BEGIN Working data
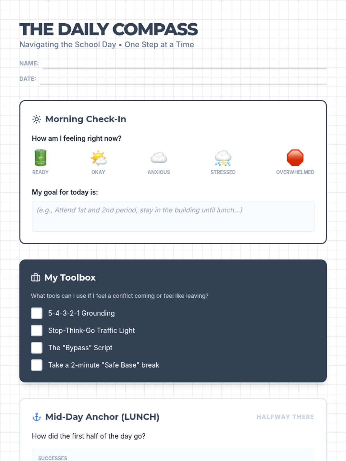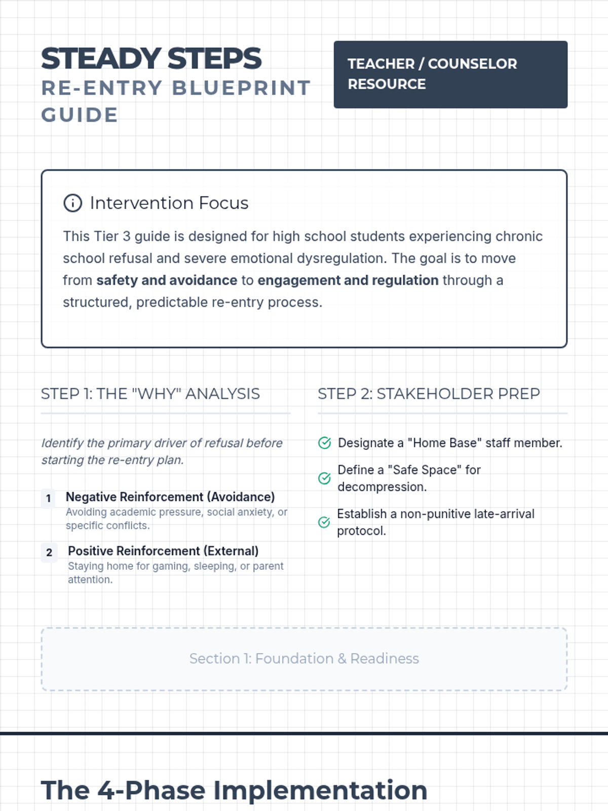 Focuses on the immediate transition back into the school building, establishing safe routines, and introducing core emotional regulation tools for managing conflict.
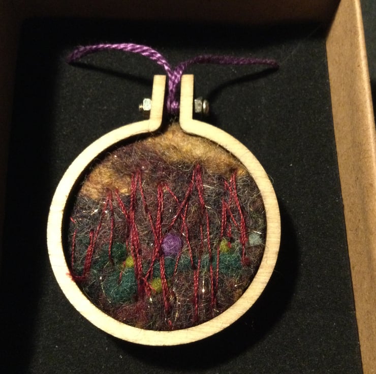 This necklace is one of my 1st embroideries. I wanted to make something to appeal to my work colleagues when i was doing a craft Fair at work and so mini hoop necklaces were born.
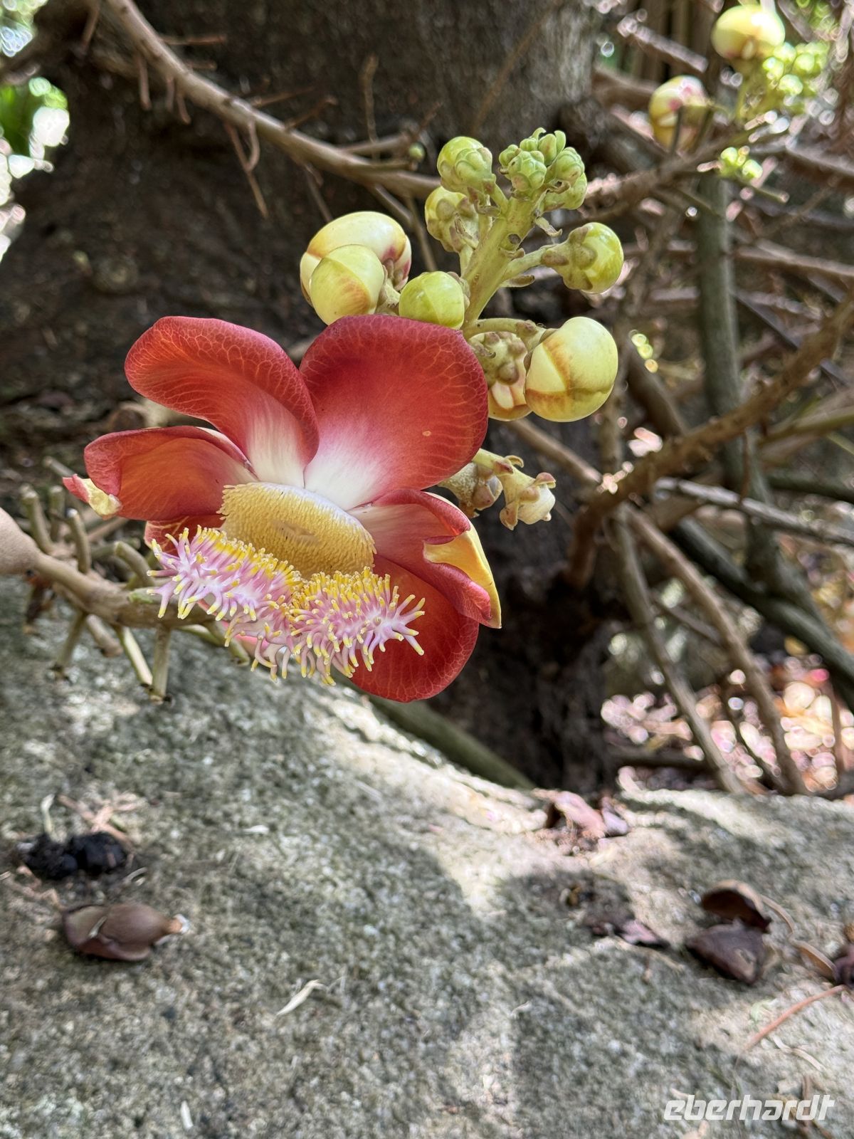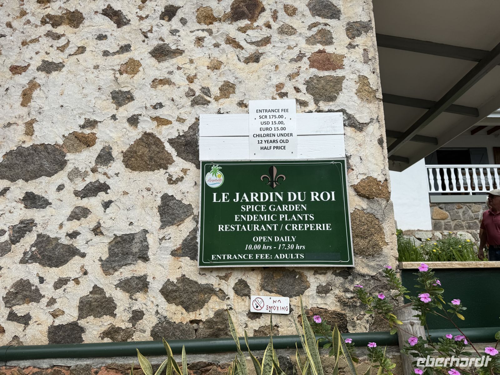 Im botanischen Garten unternehmen wir einen Spaziergang und begegnen einer Reihe tropischer Pflanzen wie Zimtbäumen, Takamaka-Bäume, Ingwerpflanzen und auch Tiere, wie die zahlreichen Flughunde, bleiben nicht unentdeckt. Doch ein kleines Highlight war die Sichtung der ersten Coco de Mer Palme, eine Pflanzenart, welche es nur auf den Seychellen gibt. Ebenso statten wir dem kleinen Schildkrötenreservoir einen Besuch ab und können die Riesenschildkröten sogar füttern.
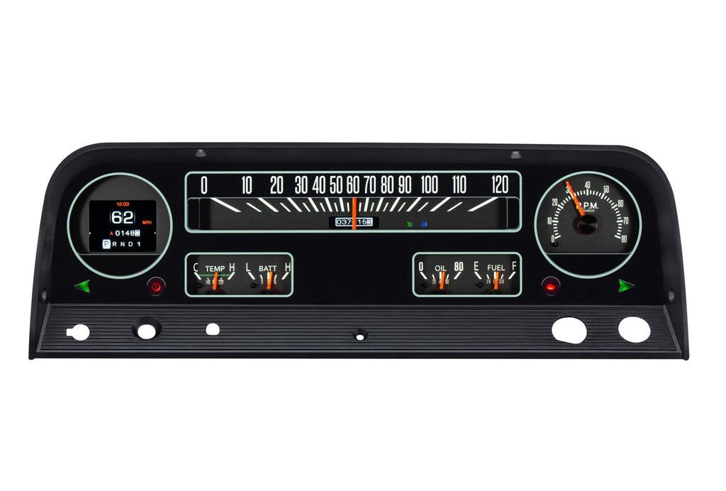 Dakota Digital RTX direct-fit gauge kits retain your classic vehicle's stock look without sacrificing the late-model features you love. Every effort was made to incorporate OEM design elements regarding the layout, face styling, and indicators. Starting from scratch, these CNC-machined cluster housings are filled with electronics that raise the bar--in fact, the high-def message centers can be configured to display just about any piece of information needed. The RTX Series utilizes a central control box to make installation and setup as easy as possible. Choose the model with gauges and features designed to fit your specific vehicle.Brand: Dakota Digital
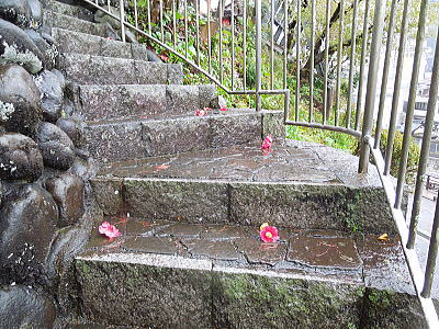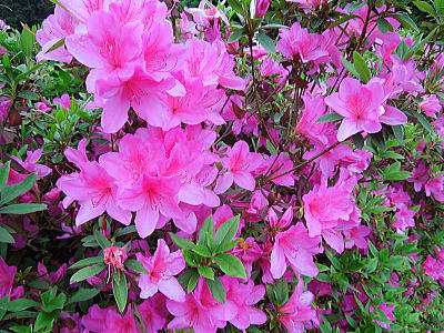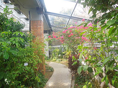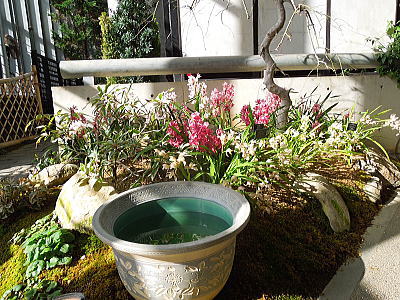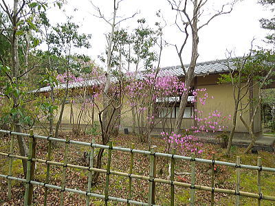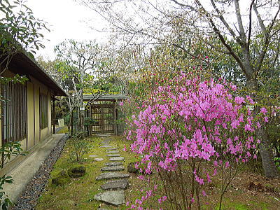 | 渡り廊下から・・日陰つつじが咲いています |
END Working data
Exercise requirements →
In the listing above, find the line with "This necklace is" and the line with "Dakota Digital RTX". Set down exactly those lines and everything between them, skipping pictures.

Reply to the exercise →
 This necklace is one of my 1st embroideries. I wanted to make something to appeal to my work colleagues when i was doing a craft Fair at work and so mini hoop necklaces were born.
 Im botanischen Garten unternehmen wir einen Spaziergang und begegnen einer Reihe tropischer Pflanzen wie Zimtbäumen, Takamaka-Bäume, Ingwerpflanzen und auch Tiere, wie die zahlreichen Flughunde, bleiben nicht unentdeckt. Doch ein kleines Highlight war die Sichtung der ersten Coco de Mer Palme, eine Pflanzenart, welche es nur auf den Seychellen gibt. Ebenso statten wir dem kleinen Schildkrötenreservoir einen Besuch ab und können die Riesenschildkröten sogar füttern.
 Dakota Digital RTX direct-fit gauge kits retain your classic vehicle's stock look without sacrificing the late-model features you love. Every effort was made to incorporate OEM design elements regarding the layout, face styling, and indicators. Starting from scratch, these CNC-machined cluster housings are filled with electronics that raise the bar--in fact, the high-def message centers can be configured to display just about any piece of information needed. The RTX Series utilizes a central control box to make installation and setup as easy as possible. Choose the model with gauges and features designed to fit your specific vehicle.Brand: Dakota Digital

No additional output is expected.